Christopher had doubled his business, bringing it from $10 million to $20 million in a relatively short time. Despite the fact that he was doing well, he feared that he could fail and lose it all. In a way, this fear was a good thing because it was a signal to him to look for help before trying to take the company to the next level. Christopher had grown up in Cameroon, Africa, where, he explained, it was common for the life span of a business to be very short—four or five years—because of a lack of business systems. He was concerned about managing his company’s fast growth. Would they be able to make timely changes? Did they have the right people? Did they need training? Was his leadership up to the demands?
Tessie and David, Wes, Jim, and Christopher are like so many business owners who have to experience a big setback to realize that if they want to be sustainable, they can’t keep managing their business the same way they have been. Others instinctively know this before they suffer damage. But often, they don’t understand why or what has to change.
These business owners aren’t alone. Their stories echo those of business owners across the country and around the world. More often than not, business owners find themselves caught in a frustrating cycle of putting all their time, energy, effort, and resources into keeping up with current demands, and this prevents the business from growing to the next level. It’s kind of a bait and switch. Much of what you did to build your company to its current level of growth just won’t work for you anymore. You’ve reached a ceiling, or you know that you will if you don’t change things before the next wave of growth.
You may already be experiencing some debilitating issues: the loss of a key employee or a vendor, lack of employee engagement, trouble holding employees accountable, or the potential loss of a big customer because of encroaching competition. It is clear that you are not in control, although you work hard to hold on to it. Despite your firm grip, you are not running your business; the business is running you. But you don’t understand why. You can’t step away from the immediacies of the day-to-day demands to get perspective because you don’t have time. If you could, you might be able to see that many of the problems you and your employees face are due to a lack of focus on fundamentals—Direction, Operation, and Control (DOC)—that can give your business more structure and the opening you need to go to the next level, to be profitable, and to be sustainable.
Setting Direction
When your business isn’t achieving what you hoped and expected, do you know why? In many cases, this is because of a lack of clear direction for the business. Clarifying direction takes careful thought and communication. Since you are so busy working in the business, doing everything you can to help it to be successful in the short term, you can’t carve out any time for the luxury of thinking about and working on a long-term direction for the company. While that would make a big difference, it would take valuable time, and your day is pretty full providing a different kind of direction—micromanagement for employees, customers, vendors, and business partners. You are wearing a lot of hats; there just isn’t time to step away to think about the future. With all there is to do, you’re feeling lucky to make it through the day without a crisis and relieved that you can keep your head above water.

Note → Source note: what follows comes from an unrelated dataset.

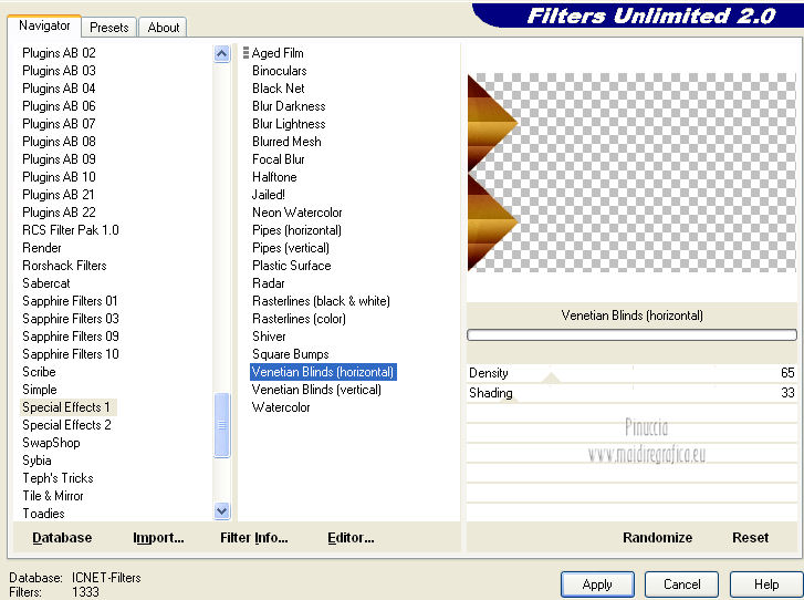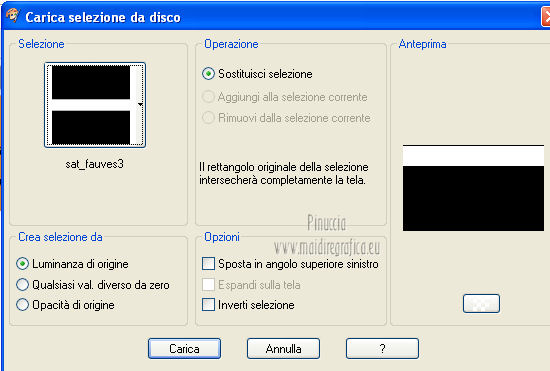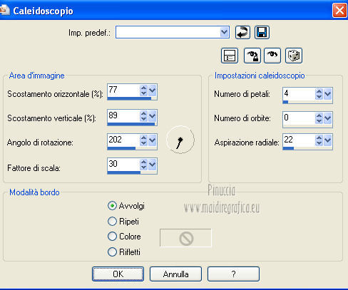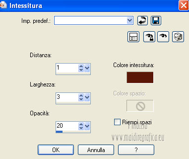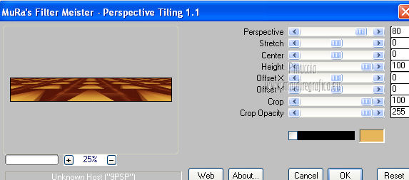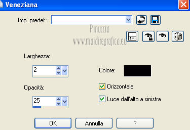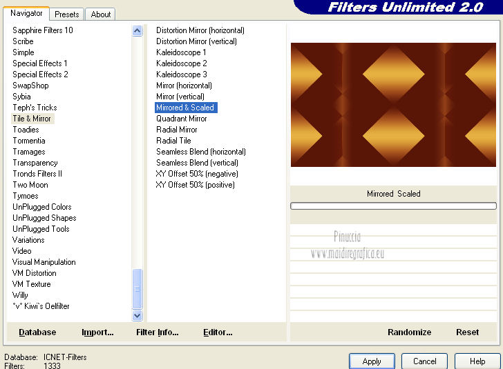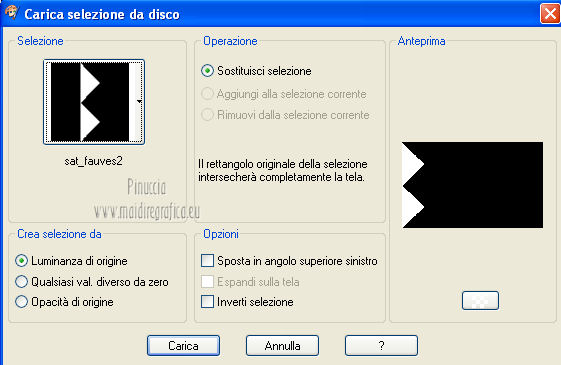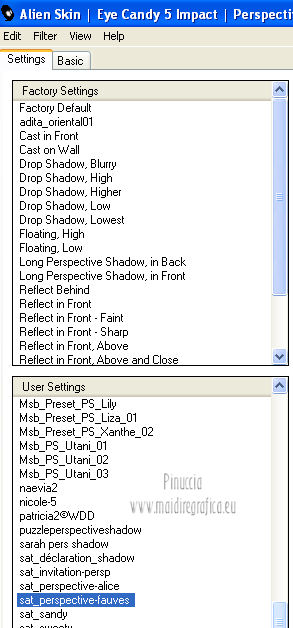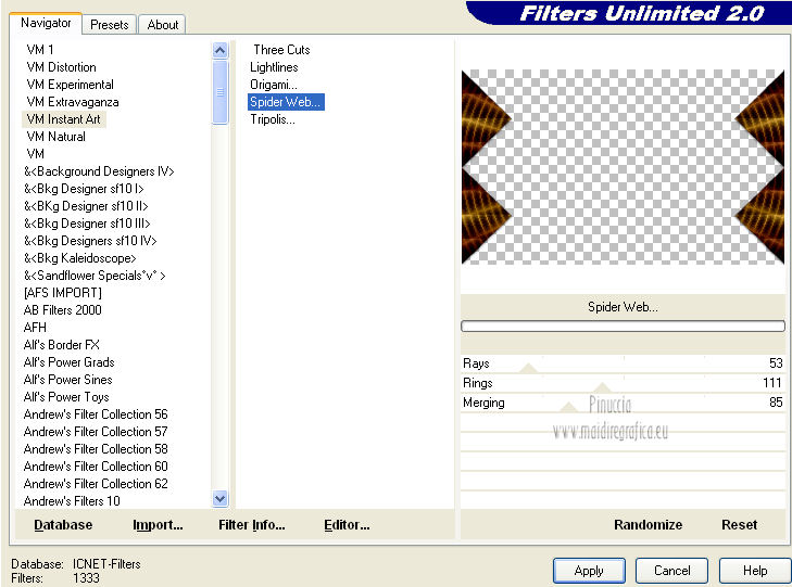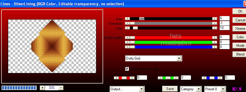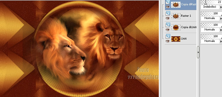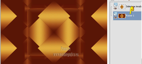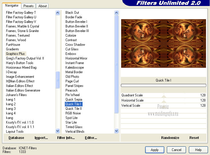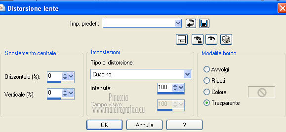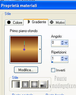 qui puoi trovare qualche risposta ai tuoi dubbi. Se l'argomento che ti interessa non è presente, ti prego di segnalarmelo. Questo tutorial è una creazione di Saturnella e non può essere copiato su altri siti nè essere offerto per il download. Lo stesso vale per la mia traduzione. E' anche proibito togliere il watermark dal materiale; rispettiamo il lavoro dei creatori di tubes, senza i quali non potremmo creare tutorials. Questo tutorial è stato creato con PSP 12, ma può essere eseguito anche con le altre versioni di PSP. Per tradurlo ho usato PSP X. Occorrente: Materiale qui Il tube del leone è di Suzi Sgai. Il tube del personaggio è di Guismo. Grazie a tutti per il vostro magnifico lavoro. (in questa pagina trovi i links ai loro siti). Filtri in caso di dubbi, ricorda di consultare la mia sezione filtri qui Simple - Pizza Slice Mirror qui AP 01 [Innovations] - Lines SilverLining qui Filters Unlimited 2.0 qui Mura's Meister - Pole Transform qui Mura's Meister - Perspective Tiling qui VM Instant Art - Spider Web qui Alien Skin Eye Candy 5 Impact - Glass qui Graphics Plus - Quick Tile I qui I filtri Simple, Graphics Plus e VM Instant Art si possono usare da soli o importati in Filters Unlimited ![]() non esitare a cambiare modalità di miscelatura e opacità secondo i colori utilizzati. Metti il preset nella cartella del filtro Alien Skin Eye Candy 5 Impact>Settings>Shadow. Cliccando sul file una o due volte (a seconda delle tue impostazioni), automaticamente il preset si installerà nella cartella corretta. perchè uno o due clic vedi qui Metti le selezioni nella cartella Selezioni. 1. Imposta il colore di primo piano con #5a1808, e il colore di sfondo con #e7b55a. ![]() Passa il colore di primo piano a Gradiente, stile Lineare. ![]() Apri una nuova immagine trasparente 900 x 550 pixels, e riempila con il gradiente.3. Regola>Sfocatura>Sfocatura gaussiana - raggio 40. ![]() 4. Effetti>Plugins>Simple - Pizza Slice Mirror. Modifica>Ripeti Pizza Slice Mirror. 5. Livelli>Duplica. Immagine>Rifletti. Cambia la modalità di miscelatura di questo livello in Sovrapponi (o secondo i tuoi colori), e abbassa l'opacità al 50%. Livelli>Unisci>Unisci giù. 6. Effetti>Plugins>Filters Unlimited 2.0 - Tile & Mirror - Mirrored & Scaled. ![]() 7. Livelli>Duplica. Immagine>Ridimensiona, al 90%, tutti i livelli non selezionato. 8. Immagine>Ruota per gradi - 90 gradi a destra. ![]() Cambia la modalità di miscelatura di questo livello in Schiarisci (o secondo i tuoi colori). Livelli>Unisci>Unisci giù. 9. Selezione>Carica/Salva selezione>Carica selezione da disco. Cerca e carica la selezione sat_fauves1. ![]() Selezione>Innalza selezione a livello. Selezione>Deseleziona. 10. Effetti>Plugins>AP 01 [Innovations] - Lines SilverLining. ![]() 11. Attiva il livello di sfondo. ![]() Selezione>Carica/Salva selezione>Carica selezione da disco. Cerca e carica la selezione sat_fauves2. ![]() Selezione>Innalza selezione a livello. Selezione>Deseleziona. 12. Effetti>Effetti di trama>Trama - colore scuro di primo piano. ![]() 13. Effetti>Effetti 3D>Sfalsa ombra. ![]() 14. Livelli>Duplica. Immagine>Rifletti. Livelli>Unisci>Unisci giù. 15. Effetti>Effetti di distorsione>Distorsione lente. ![]() Abbassa l'opacità di questo livello al 50%. 16. Attiva nuovamente il livello di sfondo. Regola>Aggiungi/Rimuovi disturbo>Aggiungi disturbo. ![]() Livelli>Unisci>Unisci visibile. 17. Livelli>Duplica. Effetti>Plugins>Mura's Meister - Pole Transform. ![]() 18. Apri il tube del leone di Suzi Sgai e vai a Modifica>Copia. Torna al tuo lavoro e vai a Modifica>Incolla come nuovo livello. E' già correttamente posizionato. Se stai usando un altro tube, deve essere un misted e riempire correttamente la sfera. Pertanto, se necessario, ridimensionalo a tale scopo. 19. Livelli>Duplica. Cambia la modalità di miscelatura di questo livello in Indebolisci, e abbassa l'opacità al 23%. ![]() Livelli>Unisci>Unisci giù - 2 volte. 20. Effetti>Effetti 3D>Sfalsa ombra, con i settaggi precedenti. 21. Attiva ancora il livello di sfondo. Selezione>Carica/Salva selezione>Carica selezione da disco. Carica nuovamente la selezione sat_fauves2. ![]() Selezione>Innalza selezione a livello. Selezione>Deseleziona. 22. Effetti>Plugins>Filters Unlimited 2.0 - Special Effect 1 - Venetian blinds (horizontal). ![]() 23. Effetti>Effetti 3D>Sfalsa ombra. ![]() 24. Livelli>Duplica. Immagine>Rifletti. Livelli>Unisci>Unisci giù. 25. Effetti>Plugins>Filters Unlimited 2.0 - VM Instant Art - Spider web. ![]() 26. Attiva ancora il livello di sfondo. Selezione>Carica/Salva selezione>Carica selezione da disco. Cerca e carica la selezione sat_fauves3. ![]() Selezione>Innalza selezione a livello. 27. Effetti>Plugins>Mura's Meister - Perspective Tiling. ![]() Selezione>Deseleziona. 28. Livelli>Duplica. Immagine>Capovolgi. Livelli>Unisci>Unisci giù. Effetti>Effetti di bordo>Aumenta. 29. Effetti>Plugins>Alien Skin Eye Candy 5 Impact - Perspective Shadow. Seleziona il preset sat_perspective-fauves e ok. ![]() 30. Livelli>Unisci>Unisci visibile. Modifica>Copia. N.B: per il bordo ho utilizzato 2 metodi. Primo metodo. 31. Immagine>Aggiungi bordatura, 2 pixels, simmetriche, con il colore scuro. Immagine>Aggiungi bordatura, simmetriche non selezionato, con il colore bianco. ![]() Seleziona il bordo bianco con la bacchetta magica ![]() Modifica>Incolla nella selezione. 32. Regola>Sfocatura>Sfocatura radiale. ![]() 33. Effetti>Effetti di riflesso>Caleidoscopio. ![]() Effetti>Effetti di bordo>Aumenta. 34. Effetti>Effetti di trama>Veneziana. ![]() 35. Effetti>Effetti 3D>Sfalsa ombra. ![]() Selezione>Deseleziona. Secondo metodo. Dopo il punto 32. Effetti>Plugins>Filters Unlimited 2.0 - Graphics Plus - Quick Tile I, con i settaggi standard. ![]() Effetti>Effetti di bordo>Aumenta. Selezione>Inverti. Effetti>Effetti 3D>Sfalsa ombra. ![]() Selezione>Deseleziona. 36. Apri il tube di Guismo e vai a Modifica>Copia. Torna al tuo lavoro e vai a Modifica>Incolla come nuovo livello. Immagine>Ridim

Setting direction is not only about long-term planning. It’s imperative for the short term too. I like to think of direction as a road map for a trip. You need to think long term by asking yourself questions such as these:
What do I want us (the company) to be when we get there?
But you also need to think about the short term and grapple with these questions:
Who are you (the company)?
Who do you want your company to be on the journey?
How do you want to do business while you are on your way?
Setting direction is about being aware of, articulating, and communicating what you do every day, as well as what you want your business to look like in the future. To that end, you need to learn to stretch your thinking by asking these questions:
How will your business fit into the marketplace?
How will you provide the needed leadership?
Everyone looks to you, the business owner, to provide clear direction that helps them to know and understand where they are, what they are doing and why, and where all this effort and energy will take them.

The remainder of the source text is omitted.